潜伏者が目指したのは、領の古い廃屋とは正反対の方向、アルベール領の中央に厳重に構える領主の館だった。廃屋の群れを抜け出した潜伏者は、市街地の上空へと一気に舞い上がり、そのまま領主の館へと一直線に移動し始める。これこそが、通常の魔力網では捉えきれなかった、空中を移動する特殊な術だ。ミルズの広域魔力解放がなければ、その存在すら感知できなかっただろう。


「やはり……エドワード領主を狙ってきたか!」


シャドーが他の場所へ目もくれず、ただひたすらに領主の館へと突き進むその軌道を確認し、ミルズの確信は怒りにも似た冷静さに変わった。彼は速度を上げながらも、領主館の手前でケンタウロススタイルを解除した。巨大な獣の姿は、人の住まう館の敷地には不適切だろう。

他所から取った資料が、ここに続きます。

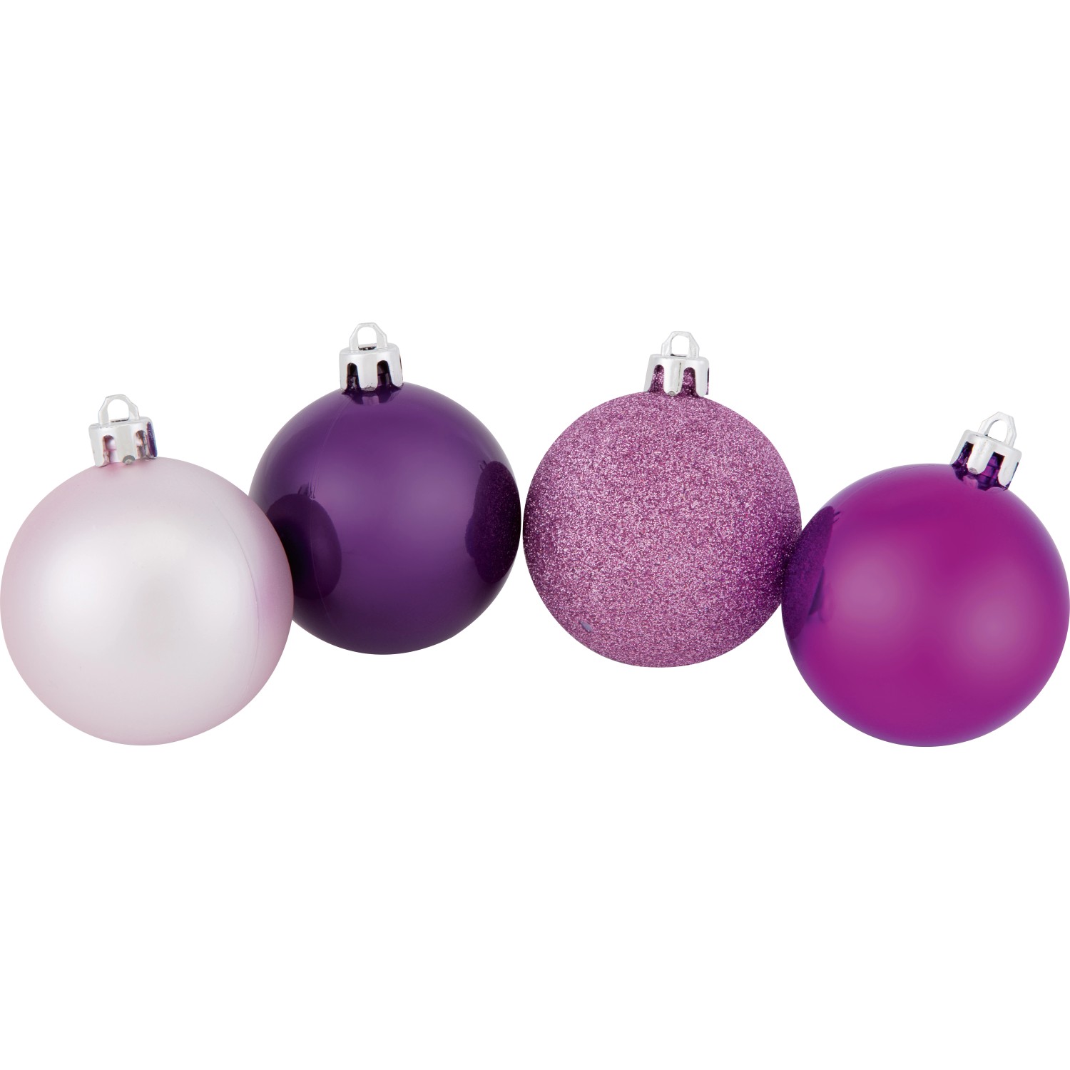 Dekorativní sada ozdob na vánoční stromek představuje moderní mix barev k ozdobení vánočního stromku. Tvoří ji celkem 20 koulí ve čtyřech různých ametystových barevných odstínech. Sada je vyrobena z plastu. Povrch je tmavý matný, světlý matný, lesklý a třpytivý. Každá koule má průměr 6 cm.

領主の館に近づくにつれ、遠くから微かに聞こえてくる金属がぶつかる音、そして怒号は激しさを増す。館の庭園では、警備の兵士たちがすでに何人か倒れ伏し、残された者たちも満身創痍で戦線を維持している状態だ。そして、B級冒険者パーティらしき者たちが、黒いローブの「シャドー」と激しい攻防を繰り広げていた。しかし、彼らの連携は乱れ、攻撃はシャドーに軽々と躱される。リーダー格の冒険者が、未知の魔法で弾き飛ばされ、地面に叩きつけられるのが見えた。シャドーは勝利を確信したかのように、倒れた冒険者には目もくれず、館の入り口へと滑るように迫る。その狙いは、紛れもなく領主エドワード・アルベール男爵その人だ。


「間に合え……!」


ミルズは、自らの魔力をさらに高めた。領内全域に広げていた煙状の魔力は、彼の意思に従い、一気に領主の館の周囲へと集中される。まるで透明な巨大な壁がそそり立つかのように、館の全方位を覆い尽くす濃密な魔力の壁が瞬時に形成された。これで、万が一にもシャドーを逃がすことはない。館の周辺は、ミルズの魔力で完全に隔離された空間となった。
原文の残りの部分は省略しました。